GDPR: Are You Getting the Fundamentals Right?
Overview
It is nearly three years since GDPR came into effect in the European Union. While the legislation has provided enhanced rights for data subjects, the experience for many people is that organisations still are not getting it right.
The aim of this paper is to:
- Explain the underlying privacy concepts
- Clarify the lawful bases so organisations can process personal data legally
- Highlight common errors and provide some steps that can be taken to correct these
Why is Privacy and Data Protection Important?
Privacy and data protection should be a core value of any organisation, not just to avoid legal ramifications of non-compliance but also to realise the benefits that a good privacy and security culture brings to both businesses and data subjects.
How an organisation uses and shares an individual’s personal data is becoming increasingly important to people and impacting on their decisions to stay a customer or move to a competitor.
For example, in a survey of data subjects conducted by Cisco in 2019 shows:
- 48% have changed organisation due to privacy policies or data sharing practices
- 47% have greater trust in organisations that must comply with GDPR
Trust is also a critical part of people’s decision making. Sites like TrustPilot, Yelp and TripAdvisor are increasingly influencing which organisation a data subject will do business with. A survey in 2019 by Salesforce showed that:
- 89% of data subjects are more loyal to organisations they trust
If an organisation wants to build trust, it must be open, fair, and transparent with what they do with personal data. In the Salesforce survey:
- 70% of respondents associated transparency with trust.
However, if an organisation is seen as untrustworthy or breaks the trust with data subject it will lose customers and put off potential new customers. The Salesforce survey showed that:
- 65% of data subjects will stop buying from these organisations and move to a more trusted (or less distrusted) competitor
- 54% of data subjects surveyed stated they would walk away if they felt personal data collection was excessive or unjustifiable.
This last statistic shows why organisations need to make privacy and data protection part of their brand. Organisations should no longer be focused on the “Can we do this?” question but the “Should we do this?” question.
Privacy and data protection should be considered an investment by the business. The CISCO survey reported the following results from privacy investment:
- 97% of organisations realised benefits such as competitor advantage or investor appeal
- Losses exceeded $500,000 in 37% of GDPR-ready companies but exceeded that value in 64% of the least GDPR-ready organisations
What is Privacy?
Privacy clearly matters, and if an organisation cannot get the privacy right, they will not get the data protection and GDPR compliance right either. But what exactly is privacy?
Privacy can be tricky to define because it can depend on:
- Where you live & the culture you live in
- Your age
- Your own experiences of breaches, surveillance, identity theft etc.
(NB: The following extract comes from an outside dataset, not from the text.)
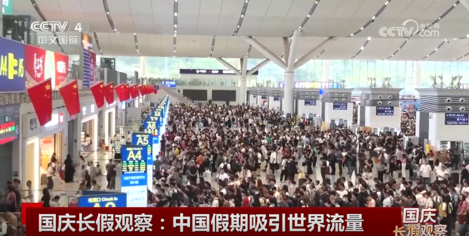 央视网消息:国庆中秋8天假期,预计23.6亿人次跨区域流动,动态绘就中国大地上生动的假期图景。节前高铁新线开通、多条高速公路贯通、航班航线加密等持续升级提速,假期出行新选择、新选项再扩容;上海双邮轮同日靠泊,邮轮游持续火爆,中国游吸引力显著提升;中国假期吸引世界流量,彰显“假日中国”动能澎湃。《国庆长假观察》10月1日播出第一集:《中国假期吸引世界流量》。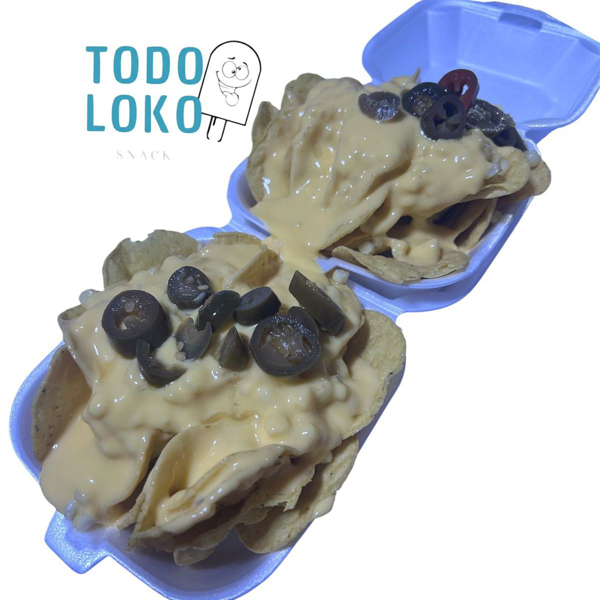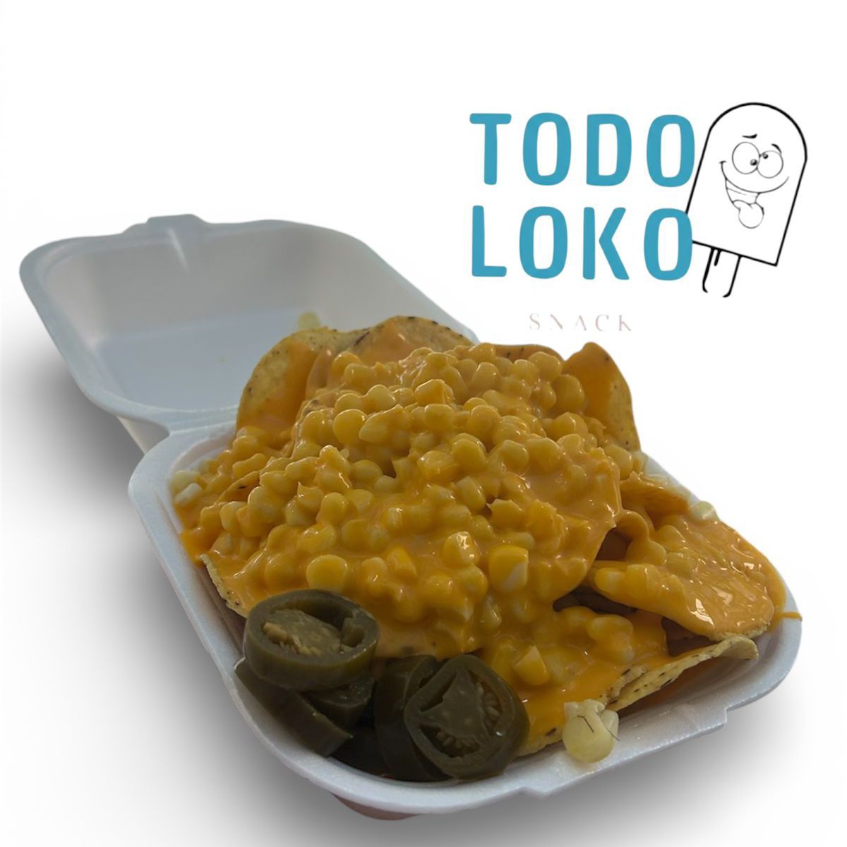 Nachos acompañados de elote, queso amarillo y chile jalapeño.

For example, the Nordic countries have open information societies where information about individuals can be easily found on websites like hitta.se, and tax records can be purchased from the tax department. Conversely, Germany has some of the most stringent privacy and data protection rules after its experience in the East of Stasi surveillance until its unification.
A useful definition for privacy is found on the International Association of Privacy Professionals (IAPP) site. They define privacy as:
Broadly speaking, privacy is the right to be let alone, or freedom from interference or intrusion. Information privacy is the right to have some control over how your personal information is collected and used.
Privacy conscious organisations consider the privacy intrusion, risks and impacts to data subjects before collecting, processing, and sharing personal data. They inform the data subject in a clear and informative way, and they balance their legitimate interests against the rights of the data subject.
What is Data Protection?
Data protection is often used interchangeably with privacy, but they are different concepts. Privacy is about what personal data an organisation collects, what they do with it, compliance with GDPR and other legislation, and what control the data subject has. Whereas data protection is the measures taken to protect the personal data from unauthorised access, processing and sharing.
Getting Privacy Right
There are seven principles stipulated in GDPR that will help organisations get their privacy approach right. These principles are:
- Lawfulness, fairness, and transparency
- Purpose limitation
- Data minimisation
- Accuracy
- Storage limitation
- Integrity and confidentiality
Lawful, Fair, and Transparent
Personal data should be processed legally based on one of the lawful bases stipulated in GDPR. It should also be fair and transparent to the data subject through an easily readable and comprehensible privacy policy.
Purpose Limitation
Personal data should be collected for a specific, explicit, and legitimate purpose and not further processed in a manner incompatible with this purpose.
Data Minimisation
An organisation may only collect the minimum amount of personal data that is necessary to carry out the processing.
Accuracy
GDPR also requires organisations to take reasonable steps to ensure that the personal data collected is, and remains, accurate.
Storage Limitation
Organisations are obligated to set out specific data retention periods for the personal data they keep. The basis of this is that personal data must not be kept longer than is necessary for the purposes for which it is processed.
Integrity & Confidentiality
Personal data must be adequately protected against unlawful or unauthorised processing and from loss, destruction or damage using appropriate technical and organisational measures.
Accountability
Organisations should be able to demonstrate compliance with these principles.